====== Available data
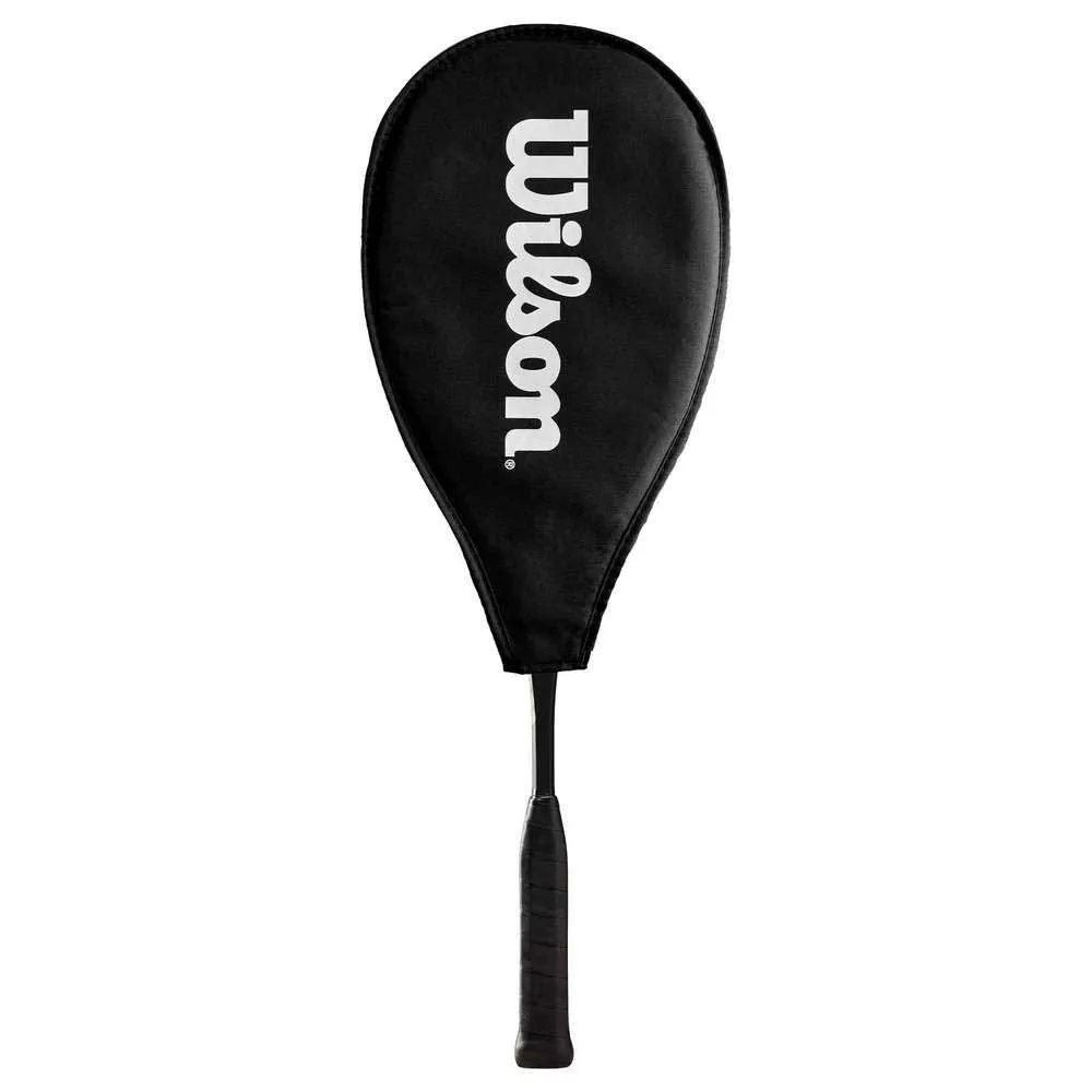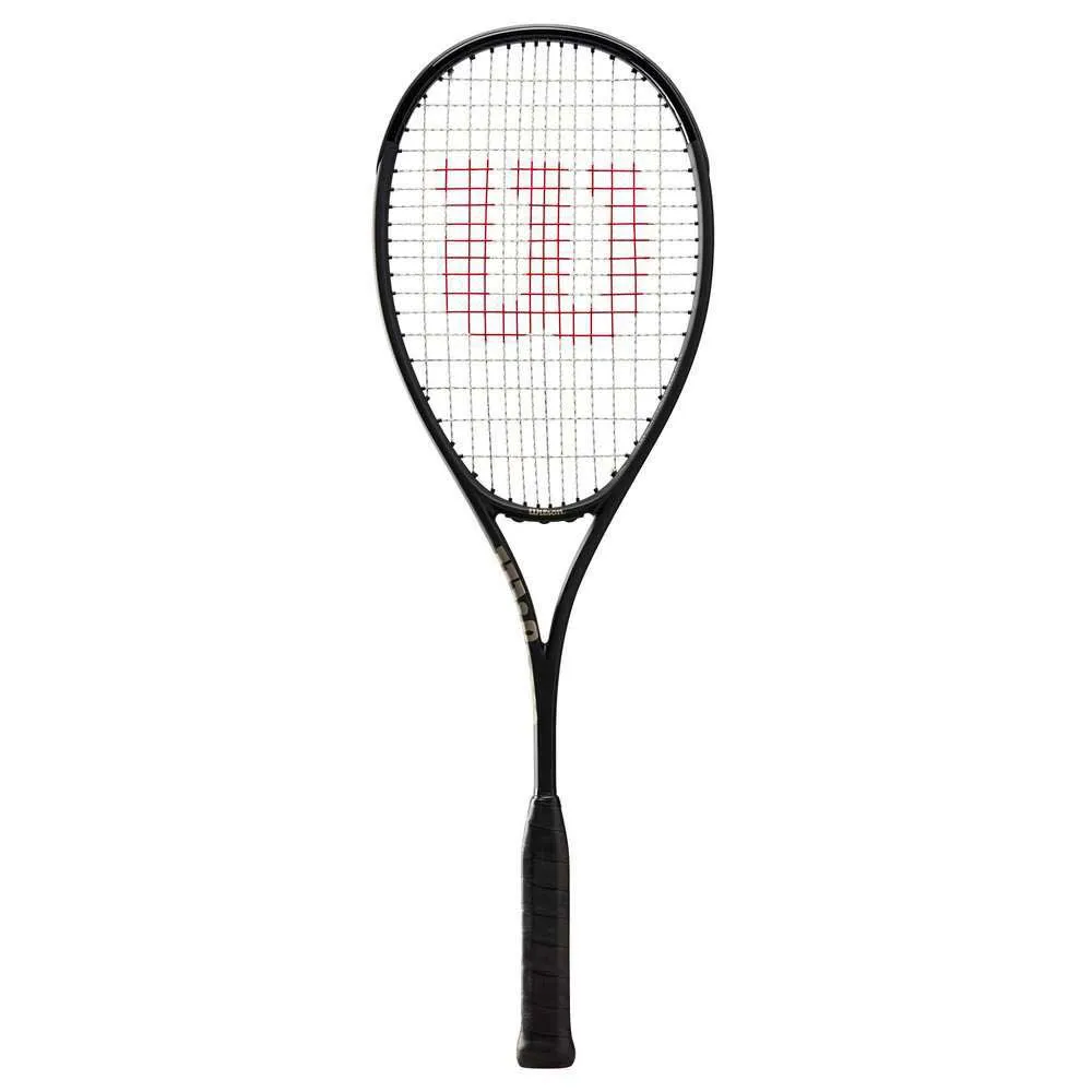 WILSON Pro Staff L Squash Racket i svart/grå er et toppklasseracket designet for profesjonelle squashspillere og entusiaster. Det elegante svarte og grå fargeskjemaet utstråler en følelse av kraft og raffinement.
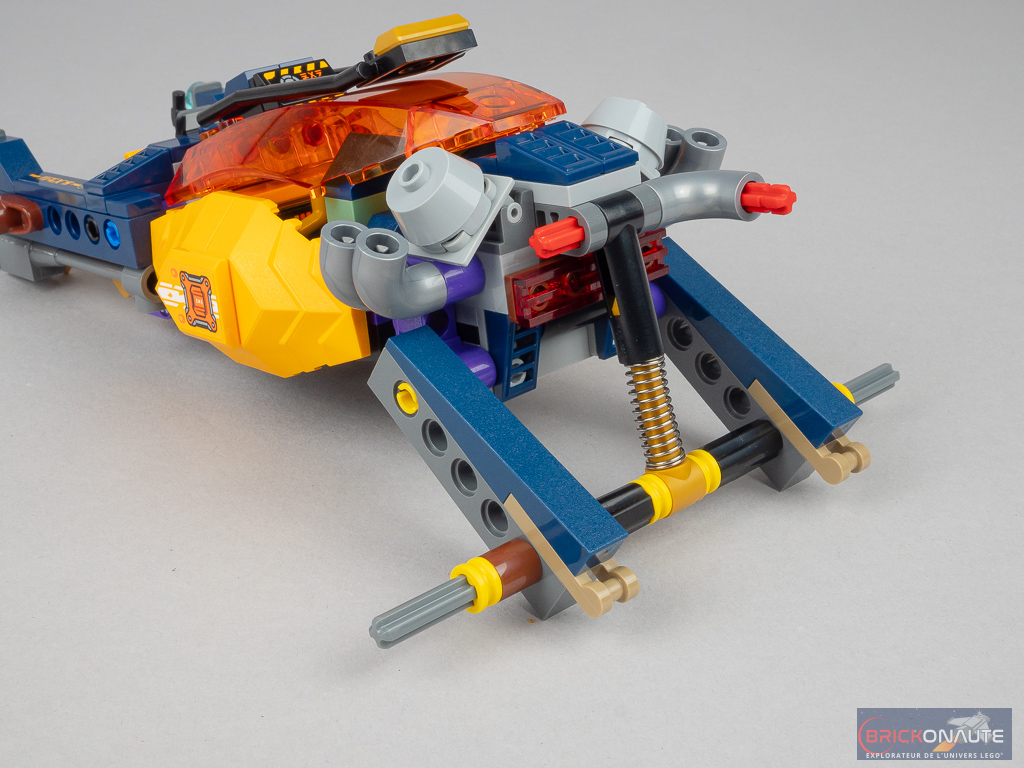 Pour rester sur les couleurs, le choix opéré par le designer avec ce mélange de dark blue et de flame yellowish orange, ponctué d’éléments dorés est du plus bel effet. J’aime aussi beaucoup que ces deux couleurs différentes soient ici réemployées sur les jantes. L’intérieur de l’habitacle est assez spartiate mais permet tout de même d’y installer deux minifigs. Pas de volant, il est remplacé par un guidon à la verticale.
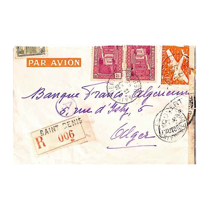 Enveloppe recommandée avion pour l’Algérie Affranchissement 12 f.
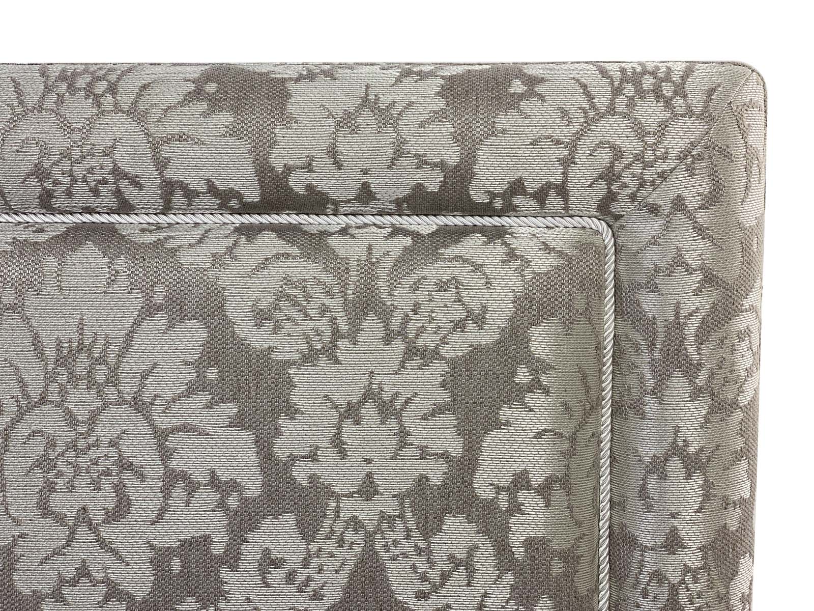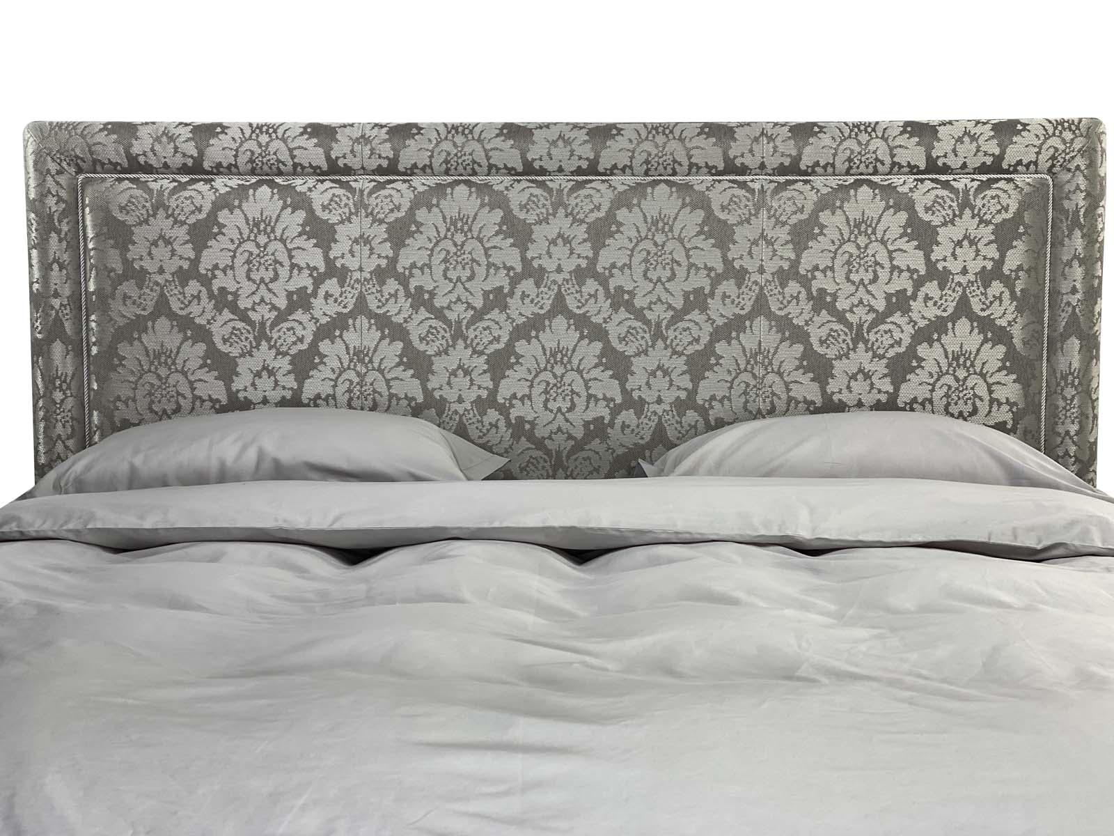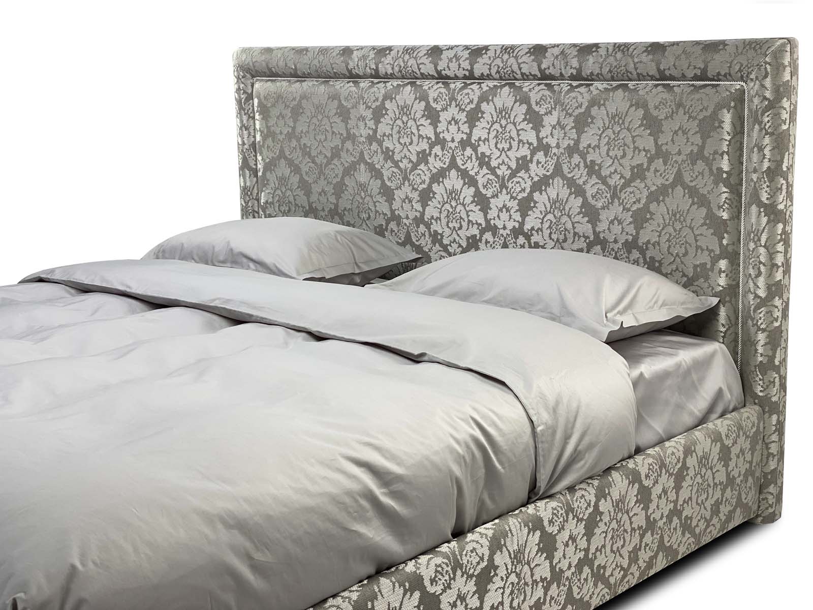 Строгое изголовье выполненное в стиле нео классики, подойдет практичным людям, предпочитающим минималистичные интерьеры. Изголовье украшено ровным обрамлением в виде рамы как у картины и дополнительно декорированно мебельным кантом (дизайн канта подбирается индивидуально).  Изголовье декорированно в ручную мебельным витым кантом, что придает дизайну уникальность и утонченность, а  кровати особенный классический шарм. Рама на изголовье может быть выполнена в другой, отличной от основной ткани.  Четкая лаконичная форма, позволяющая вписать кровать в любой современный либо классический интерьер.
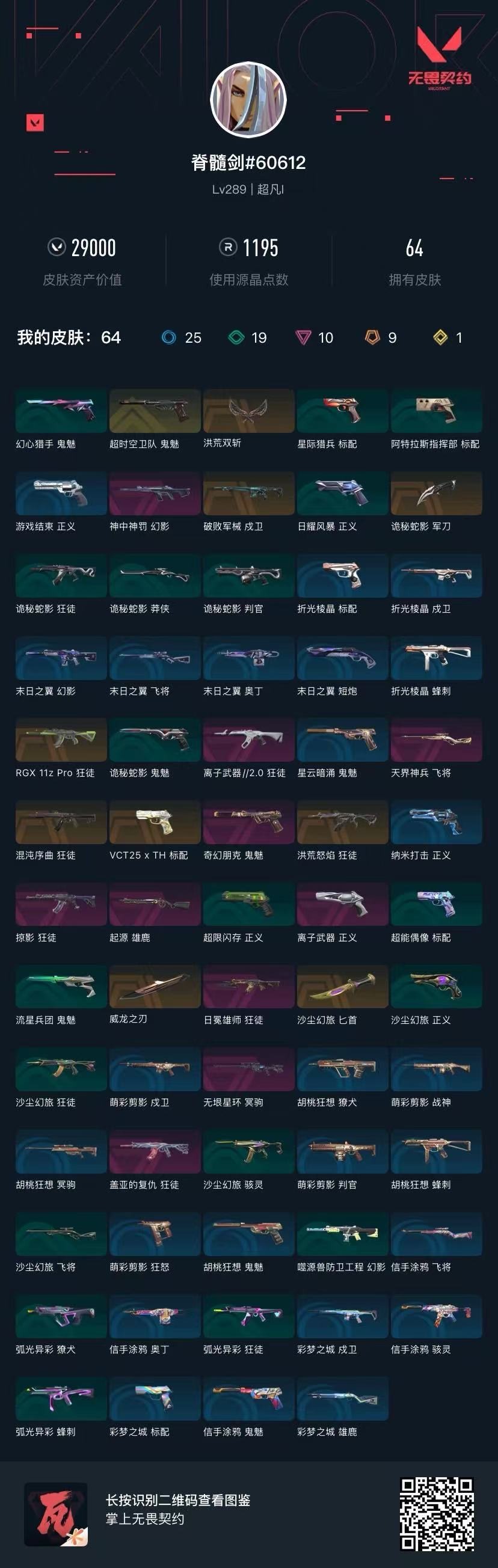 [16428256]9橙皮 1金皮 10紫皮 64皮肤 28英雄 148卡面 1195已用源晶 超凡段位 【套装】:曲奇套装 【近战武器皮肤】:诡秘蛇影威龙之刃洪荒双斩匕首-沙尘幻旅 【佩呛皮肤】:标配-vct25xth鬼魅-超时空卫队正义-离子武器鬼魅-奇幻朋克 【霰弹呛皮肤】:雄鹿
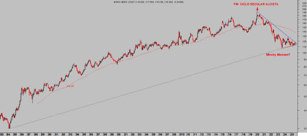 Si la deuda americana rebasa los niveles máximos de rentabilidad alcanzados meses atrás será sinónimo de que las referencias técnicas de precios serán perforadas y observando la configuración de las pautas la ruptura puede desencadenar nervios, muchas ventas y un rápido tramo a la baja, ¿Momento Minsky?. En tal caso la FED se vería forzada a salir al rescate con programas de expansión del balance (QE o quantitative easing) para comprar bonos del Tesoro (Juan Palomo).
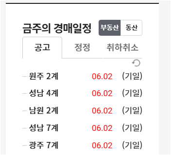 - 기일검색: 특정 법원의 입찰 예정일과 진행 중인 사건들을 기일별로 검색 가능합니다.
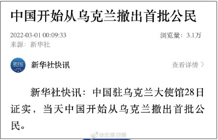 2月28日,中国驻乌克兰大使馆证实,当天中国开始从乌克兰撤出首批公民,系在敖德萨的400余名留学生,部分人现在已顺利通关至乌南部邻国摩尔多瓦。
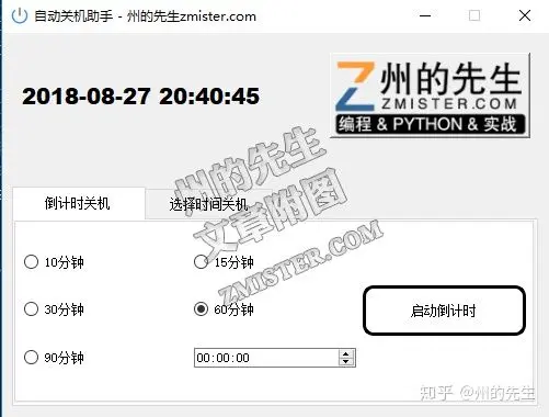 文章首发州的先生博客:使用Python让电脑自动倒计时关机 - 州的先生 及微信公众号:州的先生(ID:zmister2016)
============
*Activity*: Set down the entries above word for word, but drop any image.

*Answer to the exercise*:
 WILSON Pro Staff L Squash Racket i svart/grå er et toppklasseracket designet for profesjonelle squashspillere og entusiaster. Det elegante svarte og grå fargeskjemaet utstråler en følelse av kraft og raffinement.
 Pour rester sur les couleurs, le choix opéré par le designer avec ce mélange de dark blue et de flame yellowish orange, ponctué d’éléments dorés est du plus bel effet. J’aime aussi beaucoup que ces deux couleurs différentes soient ici réemployées sur les jantes. L’intérieur de l’habitacle est assez spartiate mais permet tout de même d’y installer deux minifigs. Pas de volant, il est remplacé par un guidon à la verticale.
 Enveloppe recommandée avion pour l’Algérie Affranchissement 12 f.
 Строгое изголовье выполненное в стиле нео классики, подойдет практичным людям, предпочитающим минималистичные интерьеры. Изголовье украшено ровным обрамлением в виде рамы как у картины и дополнительно декорированно мебельным кантом (дизайн канта подбирается индивидуально).  Изголовье декорированно в ручную мебельным витым кантом, что придает дизайну уникальность и утонченность, а  кровати особенный классический шарм. Рама на изголовье может быть выполнена в другой, отличной от основной ткани.  Четкая лаконичная форма, позволяющая вписать кровать в любой современный либо классический интерьер.
 [16428256]9橙皮 1金皮 10紫皮 64皮肤 28英雄 148卡面 1195已用源晶 超凡段位 【套装】:曲奇套装 【近战武器皮肤】:诡秘蛇影威龙之刃洪荒双斩匕首-沙尘幻旅 【佩呛皮肤】:标配-vct25xth鬼魅-超时空卫队正义-离子武器鬼魅-奇幻朋克 【霰弹呛皮肤】:雄鹿
 Si la deuda americana rebasa los niveles máximos de rentabilidad alcanzados meses atrás será sinónimo de que las referencias técnicas de precios serán perforadas y observando la configuración de las pautas la ruptura puede desencadenar nervios, muchas ventas y un rápido tramo a la baja, ¿Momento Minsky?. En tal caso la FED se vería forzada a salir al rescate con programas de expansión del balance (QE o quantitative easing) para comprar bonos del Tesoro (Juan Palomo).
 - 기일검색: 특정 법원의 입찰 예정일과 진행 중인 사건들을 기일별로 검색 가능합니다.
 2月28日,中国驻乌克兰大使馆证实,当天中国开始从乌克兰撤出首批公民,系在敖德萨的400余名留学生,部分人现在已顺利通关至乌南部邻国摩尔多瓦。
 文章首发州的先生博客:使用Python让电脑自动倒计时关机 - 州的先生 及微信公众号:州的先生(ID:zmister2016)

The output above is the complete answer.